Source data
·····
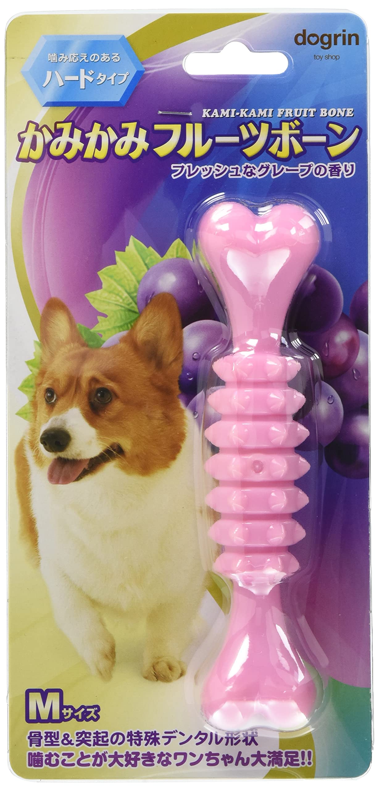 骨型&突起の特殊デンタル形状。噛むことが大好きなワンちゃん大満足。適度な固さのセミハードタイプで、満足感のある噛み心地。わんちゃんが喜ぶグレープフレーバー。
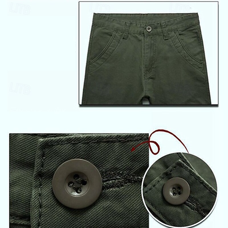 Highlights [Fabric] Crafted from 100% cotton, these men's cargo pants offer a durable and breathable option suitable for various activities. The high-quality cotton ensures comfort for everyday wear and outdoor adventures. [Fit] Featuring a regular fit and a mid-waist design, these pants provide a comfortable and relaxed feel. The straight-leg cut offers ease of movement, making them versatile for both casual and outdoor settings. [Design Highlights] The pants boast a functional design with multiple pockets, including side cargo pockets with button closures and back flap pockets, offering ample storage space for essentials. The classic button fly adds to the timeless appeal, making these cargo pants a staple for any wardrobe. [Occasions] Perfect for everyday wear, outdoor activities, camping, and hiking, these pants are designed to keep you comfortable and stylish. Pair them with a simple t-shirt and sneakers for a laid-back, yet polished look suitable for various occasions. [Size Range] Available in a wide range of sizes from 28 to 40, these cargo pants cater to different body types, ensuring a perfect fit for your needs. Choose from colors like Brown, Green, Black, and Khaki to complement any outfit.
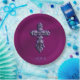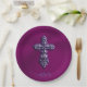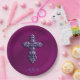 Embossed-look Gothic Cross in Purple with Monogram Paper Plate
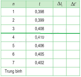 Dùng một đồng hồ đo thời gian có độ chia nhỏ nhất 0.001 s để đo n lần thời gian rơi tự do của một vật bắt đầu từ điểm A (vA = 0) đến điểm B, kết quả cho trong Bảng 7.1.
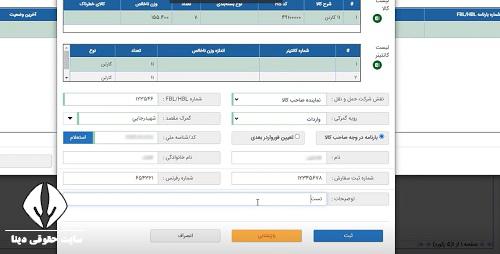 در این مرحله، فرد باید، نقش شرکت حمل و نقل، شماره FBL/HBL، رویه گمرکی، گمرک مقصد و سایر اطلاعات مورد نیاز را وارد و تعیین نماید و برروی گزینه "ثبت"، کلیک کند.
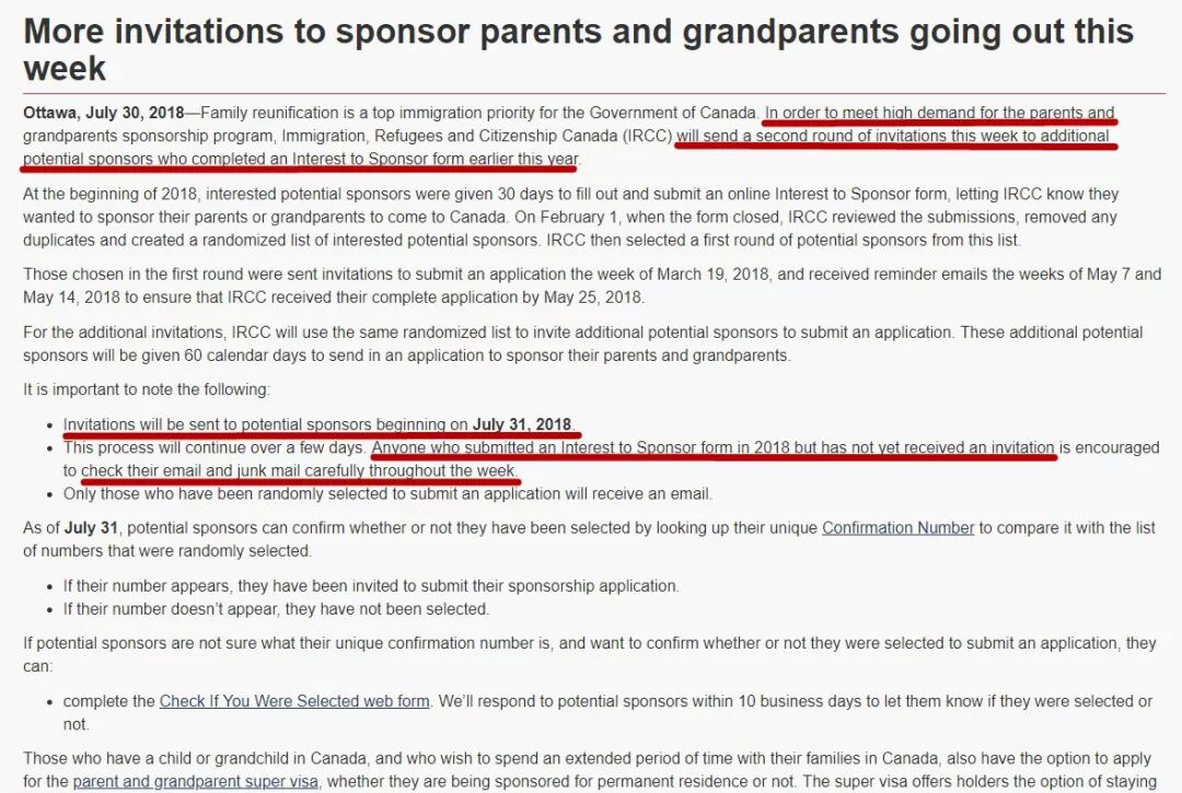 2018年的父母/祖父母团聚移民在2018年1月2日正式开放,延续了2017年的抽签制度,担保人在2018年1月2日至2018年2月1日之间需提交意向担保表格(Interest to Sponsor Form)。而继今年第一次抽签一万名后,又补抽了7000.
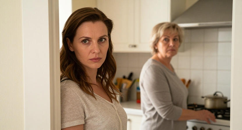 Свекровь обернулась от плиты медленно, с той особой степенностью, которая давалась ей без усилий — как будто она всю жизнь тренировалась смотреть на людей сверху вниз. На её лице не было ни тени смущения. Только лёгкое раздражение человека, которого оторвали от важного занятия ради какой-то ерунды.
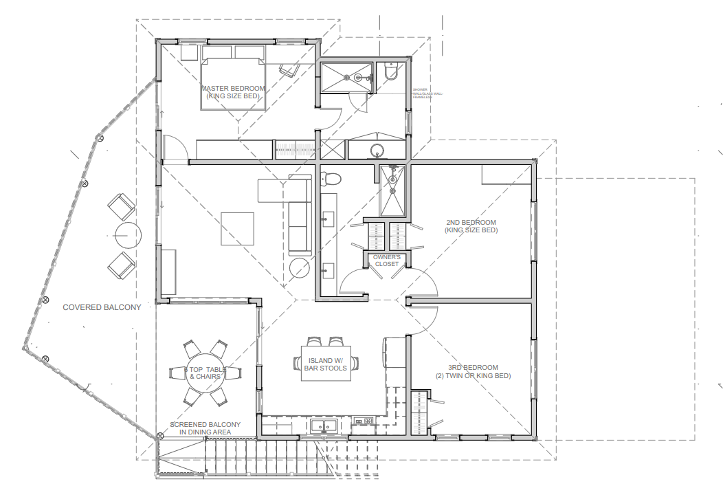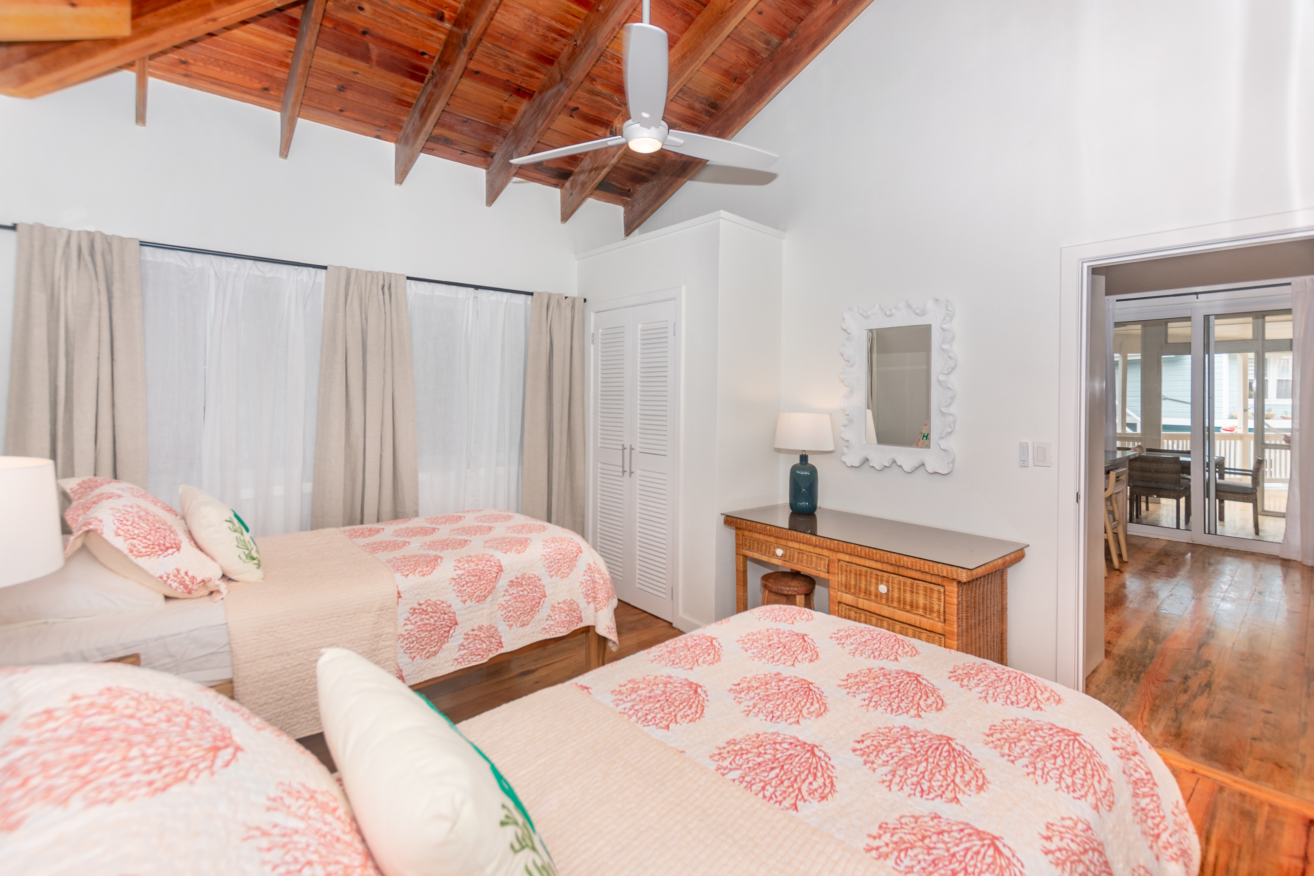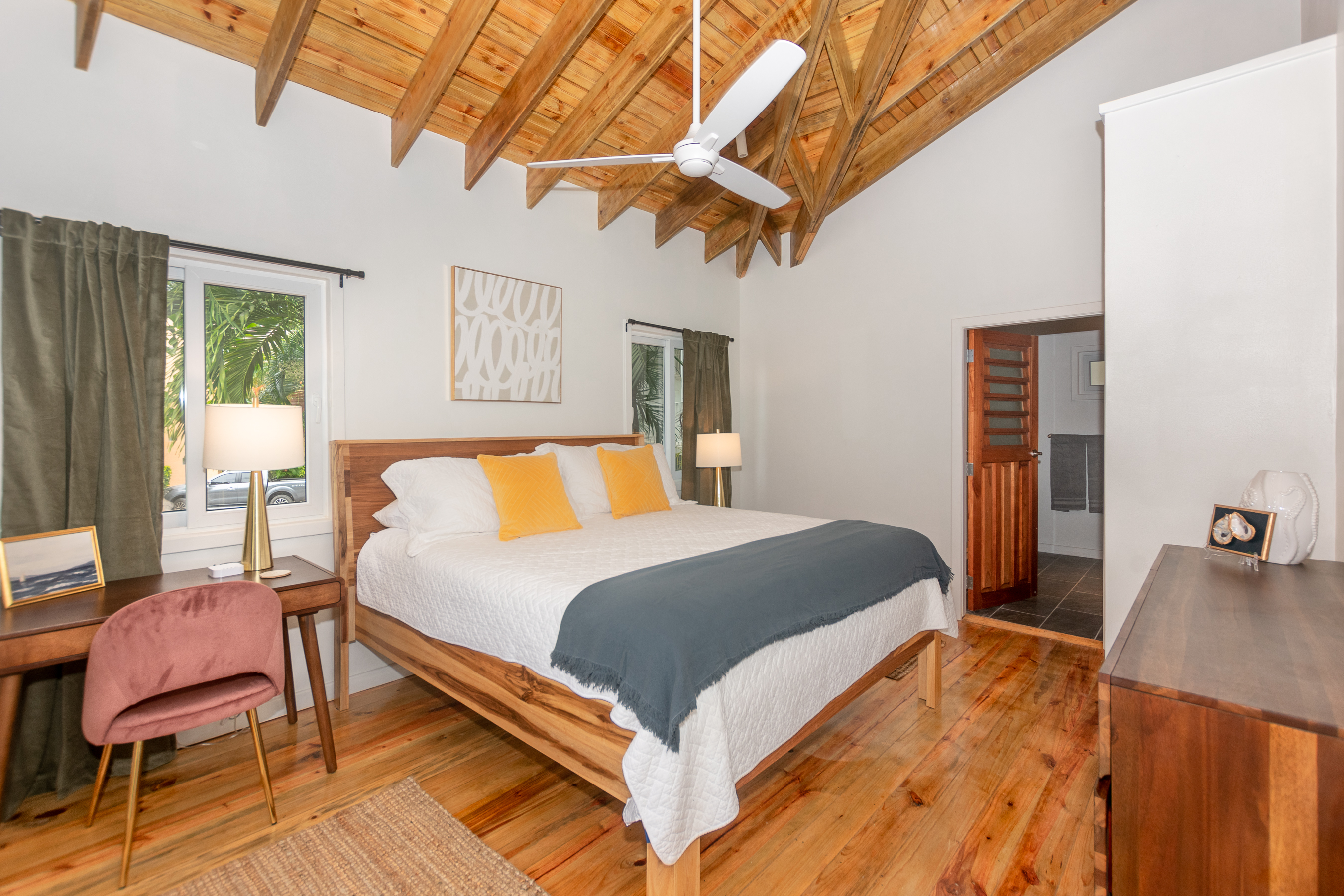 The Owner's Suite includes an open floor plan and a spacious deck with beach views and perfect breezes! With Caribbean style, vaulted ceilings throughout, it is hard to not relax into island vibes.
·····
◆ **Exercise requirements**: Return exactly the lines from the one containing "در این مرحله،" through the end of the records, leaving out every picture.

◆ **Exercise result**:
 در این مرحله، فرد باید، نقش شرکت حمل و نقل، شماره FBL/HBL، رویه گمرکی، گمرک مقصد و سایر اطلاعات مورد نیاز را وارد و تعیین نماید و برروی گزینه "ثبت"، کلیک کند.
 2018年的父母/祖父母团聚移民在2018年1月2日正式开放,延续了2017年的抽签制度,担保人在2018年1月2日至2018年2月1日之间需提交意向担保表格(Interest to Sponsor Form)。而继今年第一次抽签一万名后,又补抽了7000.
 Свекровь обернулась от плиты медленно, с той особой степенностью, которая давалась ей без усилий — как будто она всю жизнь тренировалась смотреть на людей сверху вниз. На её лице не было ни тени смущения. Только лёгкое раздражение человека, которого оторвали от важного занятия ради какой-то ерунды.
 The Owner's Suite includes an open floor plan and a spacious deck with beach views and perfect breezes! With Caribbean style, vaulted ceilings throughout, it is hard to not relax into island vibes.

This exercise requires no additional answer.